March 17, 2016
The Kingaroy Local Ambulance Committee (LAC) and the Queensland Ambulance Service hosted the Kingaroy Chamber of Commerce’s March meet’n’greet.
Guests gathered at the Kingaroy Ambulance Station to enjoy drinks and nibbles and inspect the two-year-old station.
KCCI vice-president Josh Gadischke welcomed the many South Burnett council candidates present at the event.
“I would like to express the KCCI’s appreciation to the current Council, especially Mayor Wayne Kratzmann, and South Burnett Directions for their support for the Chamber, economic development and business in general,” Josh said.
“I hope we will have similar support from the next Council coming through.”

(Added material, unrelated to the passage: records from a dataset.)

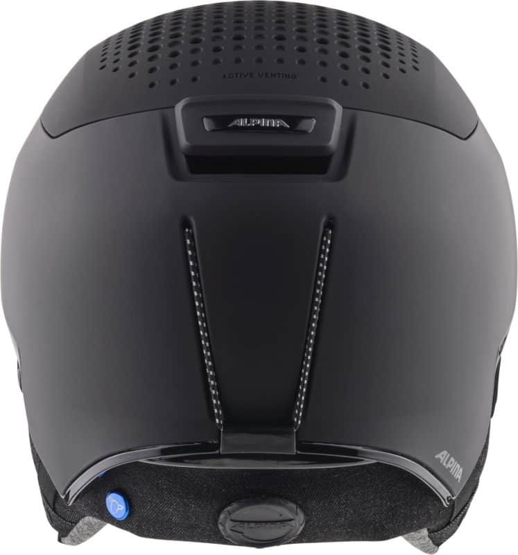 La parte posteriore dell'Alpina Gems è liscia e al centro è presente la chiusura per la maschera da sci. Questo sistema di inserimento è di un materiale elastico ed è formato da due cordini che risultano essere molto comodi quando si vuole utilizzare la maschera.
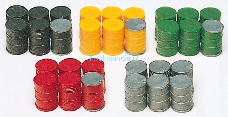 W zestawie 30 beczek z pokrywami w 5 kolorach (pokrywy są osobno, można wykorzystać pokrywę w kolorze innym niż beczka - jak na zdjęciu lub pozostawić beczkę bez pokrywy).
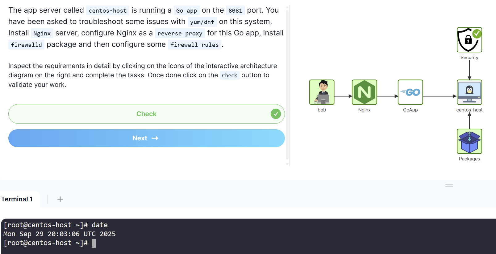 So the second challenge https://learn.kodekloud.com/user/courses/linux-challenges/module/b1104b85-a11a-47b3-a012-8b6a0ea815a8/lesson/a12d6774-3acc-4d78-9744-a7181c0eb361 is having an issue to request intenet in general. I went to /etc/resolv.conf and add the nameservers 8.8.8.8 8.8.4.4 and 1.1.1.1 separted each one by a new line in the file, and the container is unable to get internet properly. When I do sudo dnf update it only updates the first repo, but for the extra repo, the container just stay in waiting and waiting for a respond. I mostly sure this lab is buggy. Please if that’s the case fix it so I can train for my sys admin certification :slight_smile:
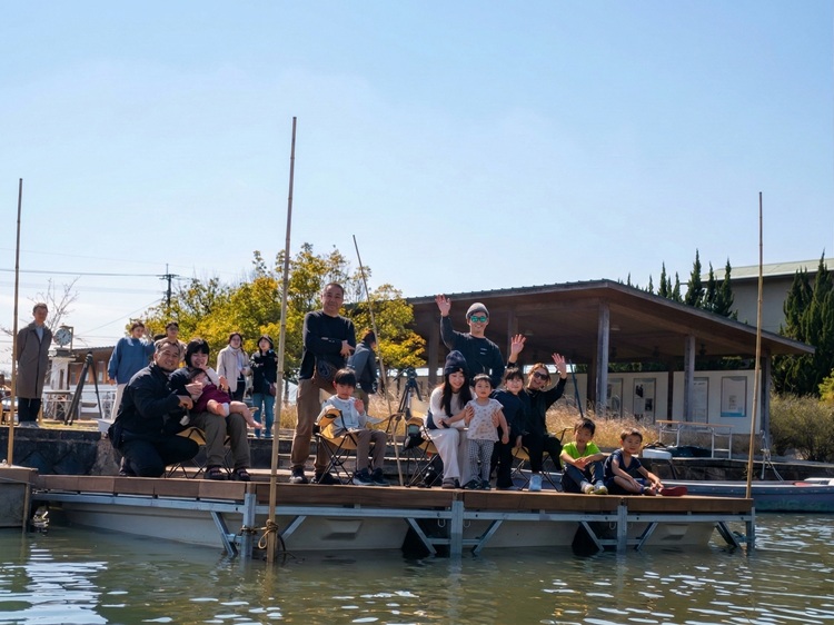 最大の魅力は、その使い勝手の良さにあります。実際に乗ってみると、いかだのように水面にぷかぷかと浮かぶ感覚を味わいながらも、驚くほどの安定感に包まれます。先日行われたお披露目会では、小さなお子さんたちも、まったく怖がることなく「掘床」にひょいと飛び乗り、おいしそうに焚き火でマシュマロを焼いて頬張る微笑ましい光景が見られました。また、夕方には同じ「掘床」の上に本格的な茶室がしつらえられ、水音を背景にお茶を嗜む風流なひとときが繰り広げられました。

Josh also noted that it was South Burnett Mayor Wayne Kratzmann’s farewell update to the KCCI.
Mayor Kratzmann said he was looking forward to just being a KCCI member, and listening to other people speak.

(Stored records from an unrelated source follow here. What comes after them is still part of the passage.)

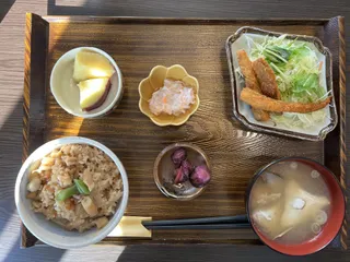 JF直営漁港食堂「魚津丸食堂Diner」で「バイ飯定食」。😋 お昼は、漁港近くのJF直営の食堂、「魚津丸食堂Diner」で名物「バイ飯定食」。 シー級グルメ選手権で優勝したことのある、名物魚津バイ飯に、ヤガラのフライやアラ汁も付いて、リーズナブル。😋 店長も明るく、いつ来ても大満足な食堂。😻
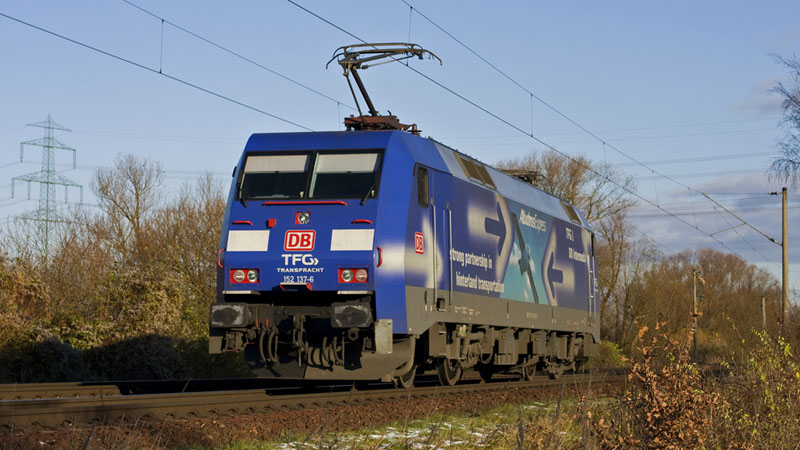 schöne TFG Transfracht-Werbelok 152 137-6 im Anflug auf Hamburg
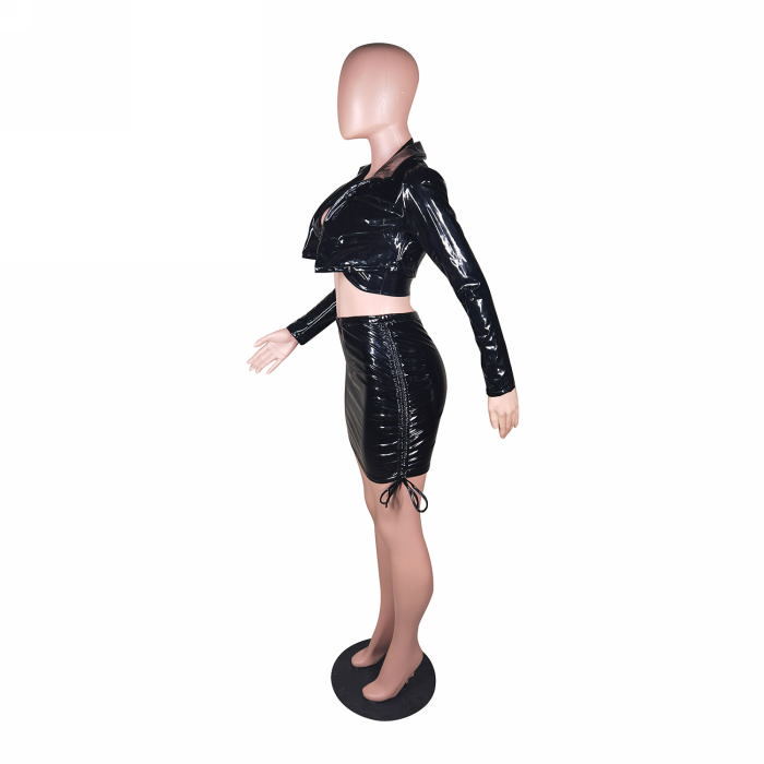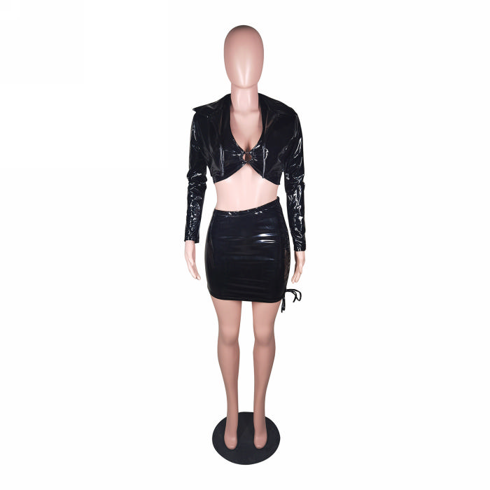 2021 Styles Women Fashion INS Styles Fashion Autumn PU Two Pieces DressSKU: #OEM4891-2

However, he warned the mayoral candidates present – Keith Campbell, Michael Brown, Damien Tessmann and Sheena Lindholm – that between 6:30pm and 7:30pm on Saturday night (when the poll results will probably be known) would be “the worst hour of your life”.
Mayor Kratzmann said “things were starting to move again” in the South Burnett, on the back of a good rural season.
And he was optimistic about the future: “Kingaroy’s too good of a town for us not to progress.”
But he had a warning for the outspoken critics who have been hammering Council recently, and some advice for the Chamber.
“If you belt Council, you’re actually belting your community,” Mayor Kratzmann said.
“And the KCCI needs to step up more as an organisation to work with Council.”
* * *
LAC president John Box explained how the role of the organisation had changed over the past 10 years … from mainly a fund-raising group to one that now had more of a PR role, linking the QAS to the community.
However, the LAC had also donated many training aids to the Kingaroy Station over the past couple of years.
A current project is to raise awareness about CPR.
Station officer-in-charge Travis Cramb said Kingaroy Ambulance Station had handled 4755 Code 1-4 jobs last year, an average of about 12 a day.
A special guest at the meet’n’greet was QAS Assistant Commissioner (Darling Downs) Rod Sheather who presented four long-serving LAC committee members with Certificates of Appreciation.
The KCCI guests were then treated to a tour of the station.